Karstadt-Schließung kann auch eine Chance sein

Franziska Wedemann, die Vorsitzende des Wirtschaftsvereins für den Hamburger Süden mit 270 Mitgliedsunternehmen, sieht ebenfalls Entwicklungspotenzial: „Zwei Herzen schlagen in meiner Brust. Als Harburger Kind kenne ich Karstadt als Fixpunkt in der Stadt. Es ist schade, dass der Universalversorger die Pforten schließt, gerade weil der Bezirk den Anspruch hat, ein Zentrum für die gesamte Region zu sein.

Aber auf der anderen Seite könnte die Schließung die Chance bieten, das gesamte Areal neu zu entwickeln und einen Impuls für Harburg zu setzen. Es müsste ein Ort werden, wo sich Alteingesessene und Neubürger treffen können, an dem sich die gesamte Stadtgesellschaft versammeln kann.“

Bislang sind solche Entwicklungen kaum mehr als Gedankenspiele. Aktuell ist die Schließung des Warenhauses erst einmal ein großer Verlust, betont Citymanagerin Marmon. Die Entscheidung schwäche die wichtige Einzelhandelsachse, die beim Phoenix Center am Harburger Bahnhof beginnt, über die Fußgängerzone Lüneburger Straße bis zu Karstadt und darüber hinaus zum Wochenmarkt am Sand führe. Der Bezirk verliere ein wichtiges Bindeglied, so Marmon.

Galeria: Karstadt-Kunden bedanken sich bei Mitarbeitenden

Eine rührende Szene spielt sich am Dienstag in der Confiserie-Abteilung von Karstadt ab: „Ich wollte Ihnen sagen, dass mir das sehr leidtut. Sie haben mich immer gut beraten“, sagt ein Kunde zum Verkäufer.

Der lächelt sichtlich erfreut, zuckt dann aber mit den Schultern. Er hätte gerne weitergemacht. Der Kunde ist aus Marmstorf spontan vorbeigekommen, nachdem er von der bevorstehenden Schließung erfahren hatte. „Ich musste mich einfach mal bedanken“, sagt er.
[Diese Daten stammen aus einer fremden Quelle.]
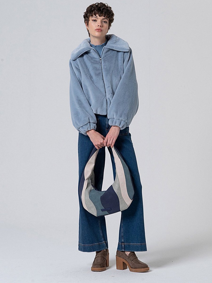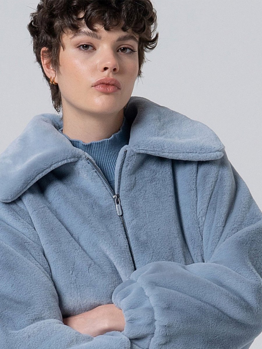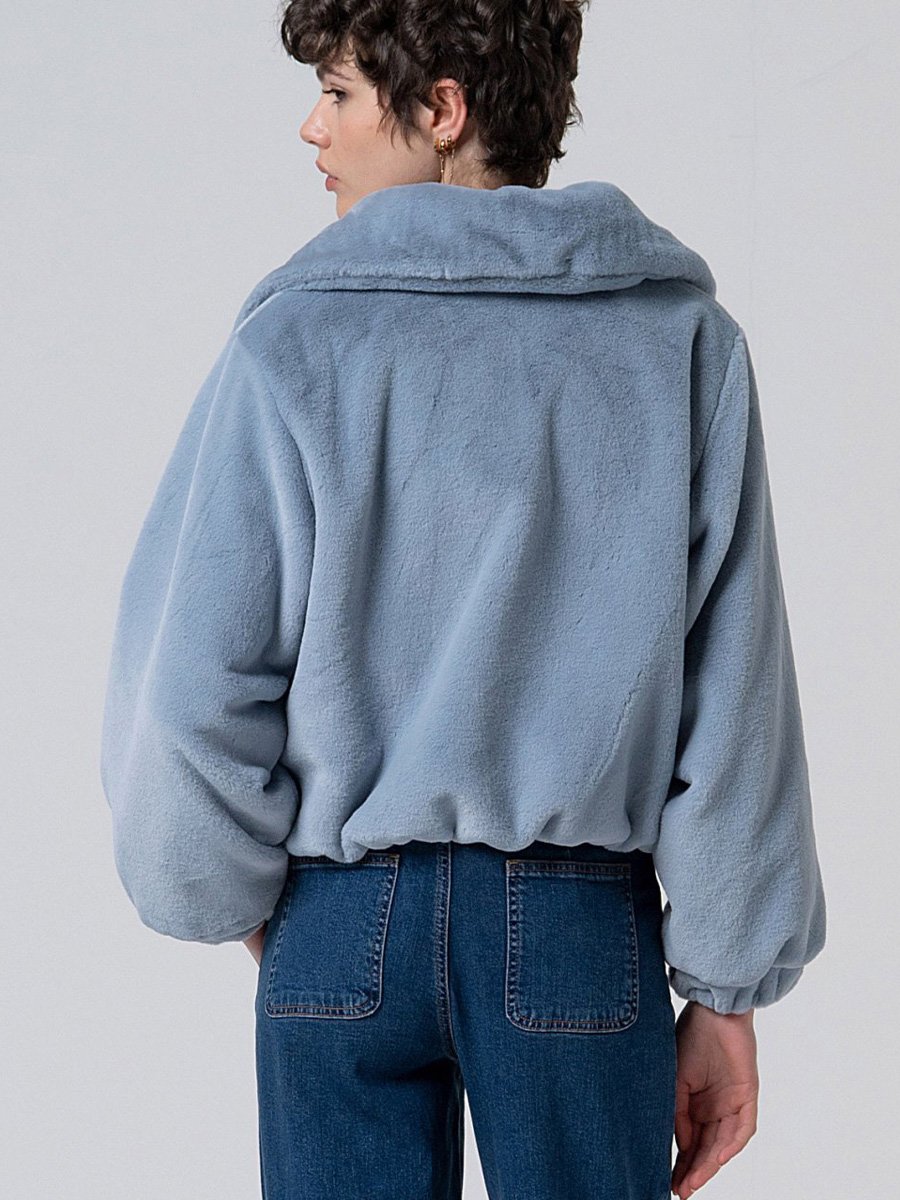 - Puha baba kék színű rövid műszőrme kabát

Auch in Wandsbek löste die Nachricht von der Schließung der Karstadt-Filiale Enttäuschung aus – obwohl sie nicht ganz unerwartet kam. Das im August 1924 eröffnete Kaufhaus hatte ohnehin nur noch eine Gnadenfrist bis 2024.
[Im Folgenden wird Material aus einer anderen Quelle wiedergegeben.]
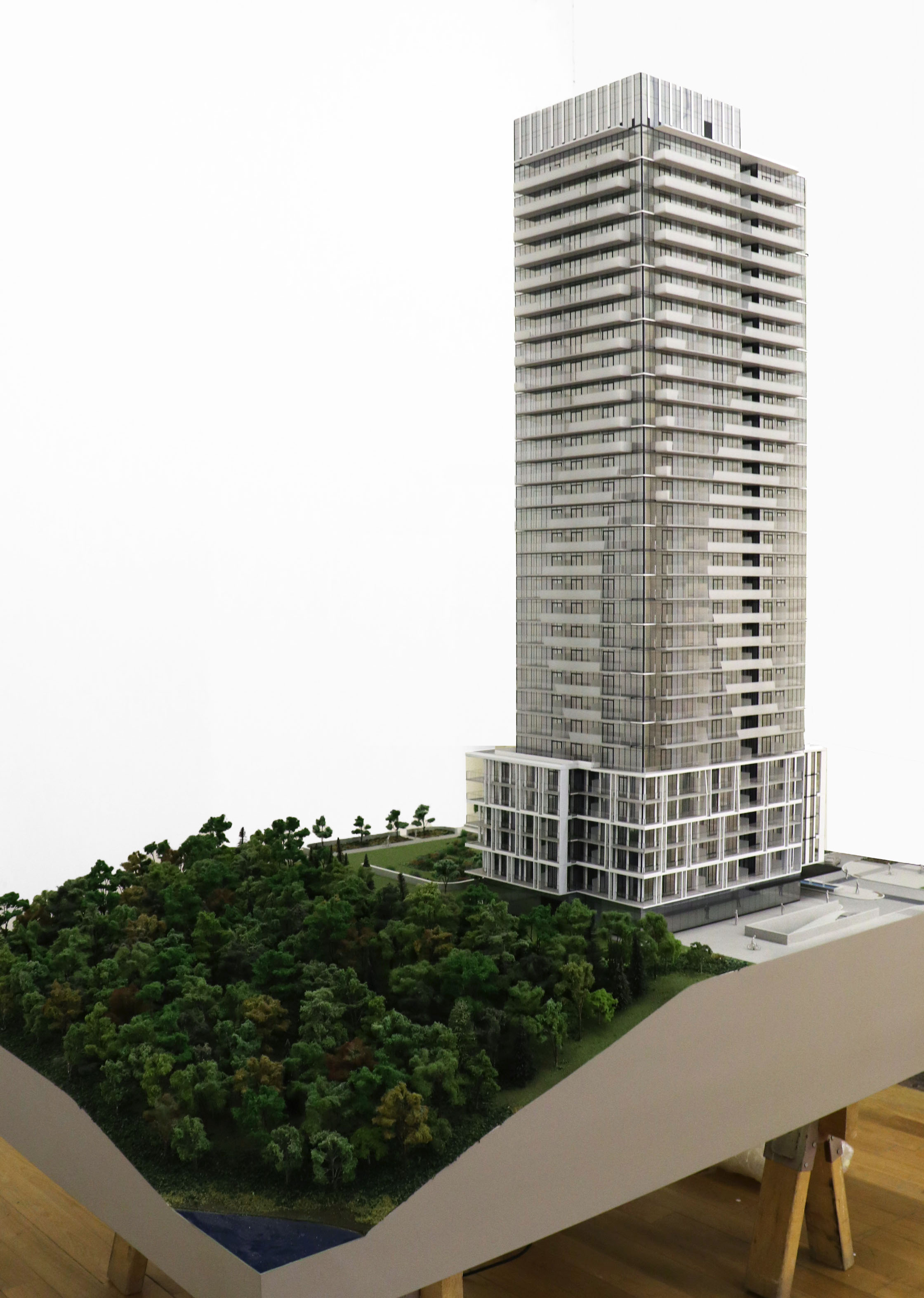 Deliverables included highly detailed and accurate representation of materials such as frosted balcony railings and white aluminum cladding. The units were to be individually lit be an LED circuit board and controlled by an iPad for optimal client experience. As a part of the five-tower mixed-use developement, this model was the first to be completed to establish the look and feel of the entire Central Park development.

Der Eigentümer des Gebäudes, die Union Investment Real Estate GmbH, teilte mit: „Die Schließung, auch wenn sie nun schneller kommt als erwartet, trifft uns nicht unvorbereitet.“ Das Unternehmen hat sogar schon sehr konkrete Vorstellungen, was mit dem Galeria-Haus geschehen wird.

Galeria Hamburg: „Karstadt wird keine Lücke hinterlassen“

Mit dem „Quartier Wandsbek Markt“ will der Eigentümer aus dem Kaufhaus in den nächsten Jahren einen neuen Lebensmittelpunkt für Wandsbek entwickeln. „Wir freuen uns darauf, dem Standort ein neues Gesicht zu geben. Das nun schließende Galeria-Haus wird keine Lücke hinterlassen.
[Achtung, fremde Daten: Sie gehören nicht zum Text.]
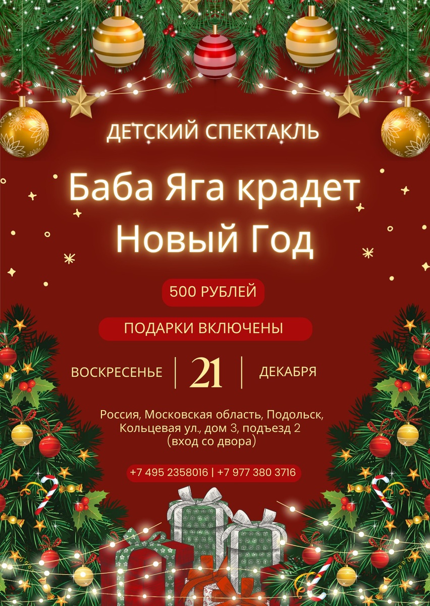 ✨ Баба-Яга крадет Новый год Завистливая Баба-Яга обманом затаскивает детей в лес, а злой Кащей переодетый в Дед Мороза крадет детей. Лишь Снегурочка может спасти своих любимых деток от коварства Баба-Яги. И спасти Новый год. 🚫 Возраст: 3+ 📆 21.12.2025 🕒 17:00 🏢 Досуговый детский центр "Умный досуг" 📍 г. Подольск, ул. Кольцевая, 3, под. 2 💰 Цена: 500 ₽ #Баба-Яга#Новый год#Детский спектакль# #нгподольск #спектакльПодольск #детямПодольск ⭐Поддержать канал голосом 🍰Где поесть в Подольске ✅ Мероприятия Подольск https://dzen.ru/id/66ed500f7b5671493eca3fd6 http://vk.com/podolsk_events http://dzen.ru/podolsk_events

Im Gegenteil: Hier wird ein spannender Nutzungsmix entstehen, in dem Wohnen, Gastronomie, Einzelhandel, eine private Hochschule und viele andere sich ergänzende Nutzungen zusammengeführt werden“, so Ronald Behrendt von Union Investment.

Auch in Bezirksverwaltung und -politik hat man sich vorbereitet: Der Planungsausschuss der Bezirksversammlung Wandsbek hatte bereits im vergangenen Jahr einen Beschluss zum Bebauungsplan Wandsbek 85 gefasst für eine Nachnutzung des Grundstücks.

Demnach soll die denkmalgeschützte Immobilie mit der charakteristischen Sandsteinfassade zum Wandsbeker Markt erhalten werden, der aus den 60er-Jahren stammende Anbau sowie das Parkhaus durch Anbauten ersetzt werden.